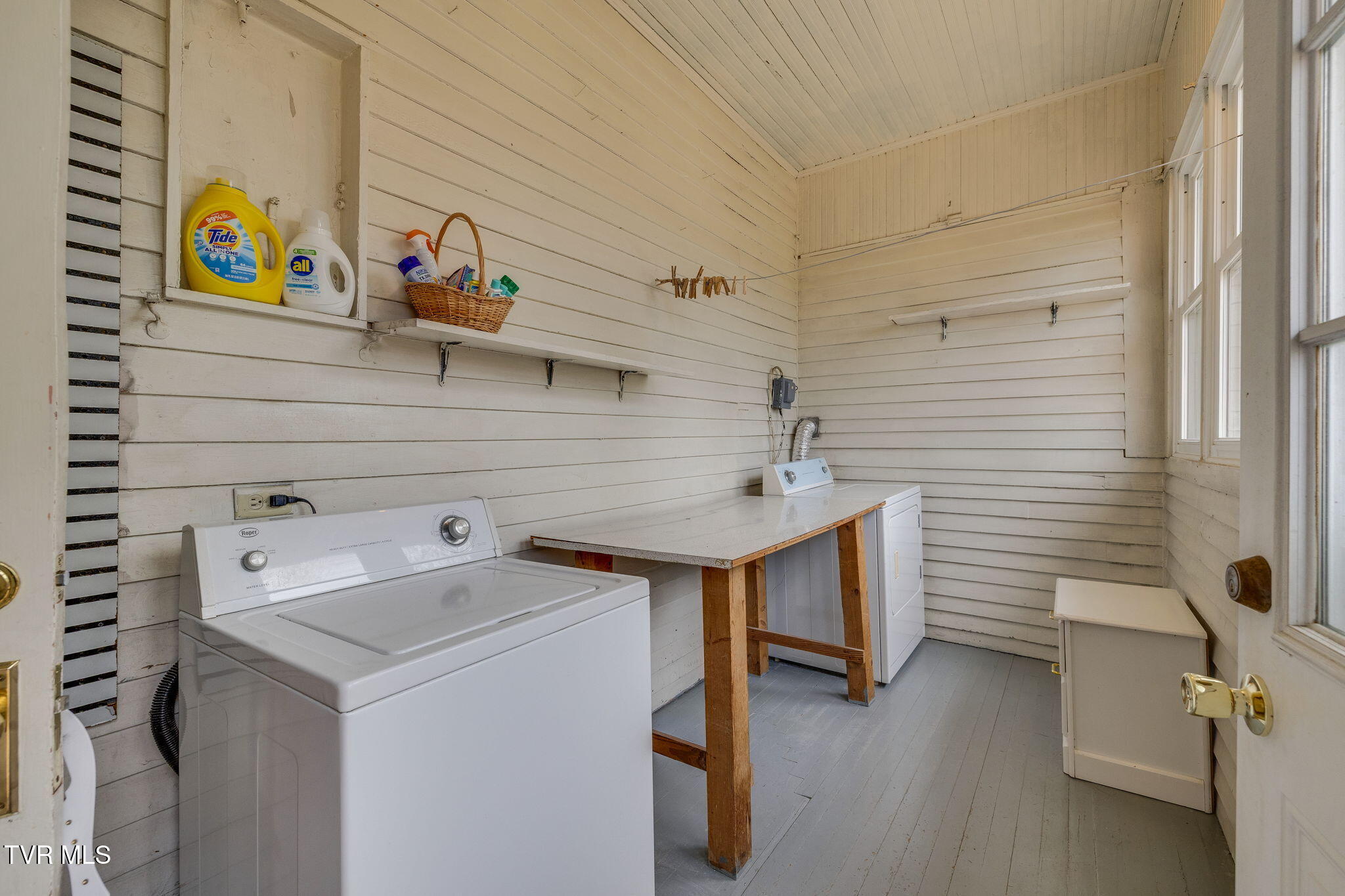 CHARMING TREE STREETS BUNGALOW A BLOCK FROM ETSU AND SHORT WALK TO WEST WALNUT STREET AND DOWNTOWN! This well-maintained 4 BR / 2 BA home has plenty of historic charm with tall baseboards, wide window and door trim, wainscoting, a claw foot tub, a built-in butlers pantry / china cabinet, hardwood floors throughout, and tall ceilings on the first floor. There are plenty of closets, some are walk-in, which is unusual for a home of this period. The first floor features a spacious living room with fireplace, large dining room adjacent to the kitchen with island and breakfast bar, which is beside a convenient laundry room / utility room. The main level also has a bedroom with en-suite bath that is currently used as a den / play room. Upstairs there are three good-sized bedrooms with adequate closets, a full bath, and pull-down stairs with attic storage. Just outside is a nice deck overlooking a fenced-in level backyard. An added bonus with this home is a one-car garage, needing some TLC, that is great for storage. All information has been taken from third party sources and is deemed reliable but not guaranteed; buyer and / or buyers agent should verify. This fantastic brick bungalow has so much to offer, schedule a showing today!
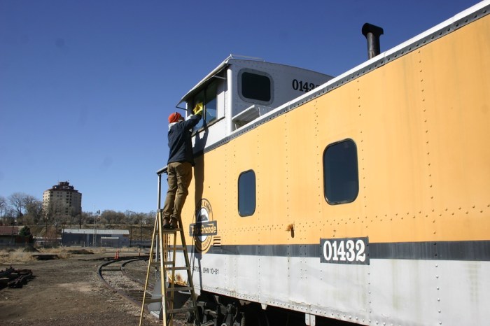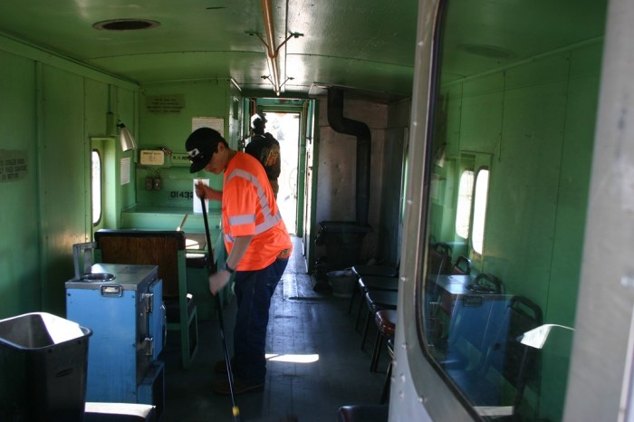 On Saturday, March 7, volunteers Dwight, Bruce, Chris, Kendall, Dannis, Nick, Ben, Reid, and Paul worked at the D Street Shop to get our caboose equipment cleaned and ready for use for our first event of 2026 on March 8. We also needed to start Engine 103 to switch equipment for the proper consist for the event. While starting the locomotive, we ran into some trouble with a relay causing the fuel pump to stop. After solving that issue, we had a good start and finished the work. After the equipment switching was completed, Engine 103 was taken out to the main running track to check the track and locations for the event on Sunday.
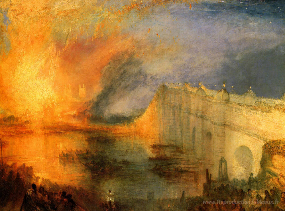 Nous vous proposons une reproduction artisanale sur toile du célèbre tableau 'L'incendie des chambres du Parlement' de William Turner, provenant du Musée de la Reproduction.
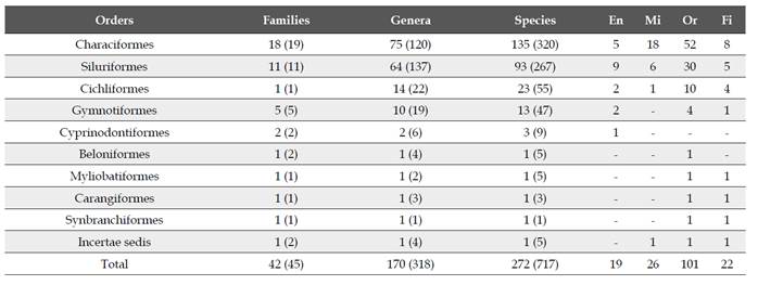 Family. Acestrorhynchidae, Achiridae, Anostomidae, Apteronotidae, Aspredinidae, Astroblepidae, Auchenipteridae, Belonidae, Bryconidae, Callichthyidae, Cetopsidae, Chalceidae, Characidae, Chilodontidae, Cichlidae, Crenuchidae, Ctenoluciidae, Curimatidae, Doradidae, Erythrinidae, Gasteropelecidae, Gymnotidae, Hemiodontidae, Heptapteridae, Hypopomidae, Iguanodectidae, Lebiasinidae, Loricariidae, Parodontidae, Pimelodidae, Poeciliidae, Potamotrygonidae, Prochilodontidae, Pseudopimelodidae, Rhamphichthyidae, Rivulidae, Sciaenidae, Serrasalmidae, Sternopygidae, Synbranchidae, Trichomycteridae, Triportheidae.
──────────────────────────────
» TASK DIRECTIONS
"Nous vous proposons" marks the first line to be returned; return exactly that line and every line after it through the last line of the listing, omitting pictures.

» ANSWER FOR THIS EXERCISE
 Nous vous proposons une reproduction artisanale sur toile du célèbre tableau 'L'incendie des chambres du Parlement' de William Turner, provenant du Musée de la Reproduction.
 Family. Acestrorhynchidae, Achiridae, Anostomidae, Apteronotidae, Aspredinidae, Astroblepidae, Auchenipteridae, Belonidae, Bryconidae, Callichthyidae, Cetopsidae, Chalceidae, Characidae, Chilodontidae, Cichlidae, Crenuchidae, Ctenoluciidae, Curimatidae, Doradidae, Erythrinidae, Gasteropelecidae, Gymnotidae, Hemiodontidae, Heptapteridae, Hypopomidae, Iguanodectidae, Lebiasinidae, Loricariidae, Parodontidae, Pimelodidae, Poeciliidae, Potamotrygonidae, Prochilodontidae, Pseudopimelodidae, Rhamphichthyidae, Rivulidae, Sciaenidae, Serrasalmidae, Sternopygidae, Synbranchidae, Trichomycteridae, Triportheidae.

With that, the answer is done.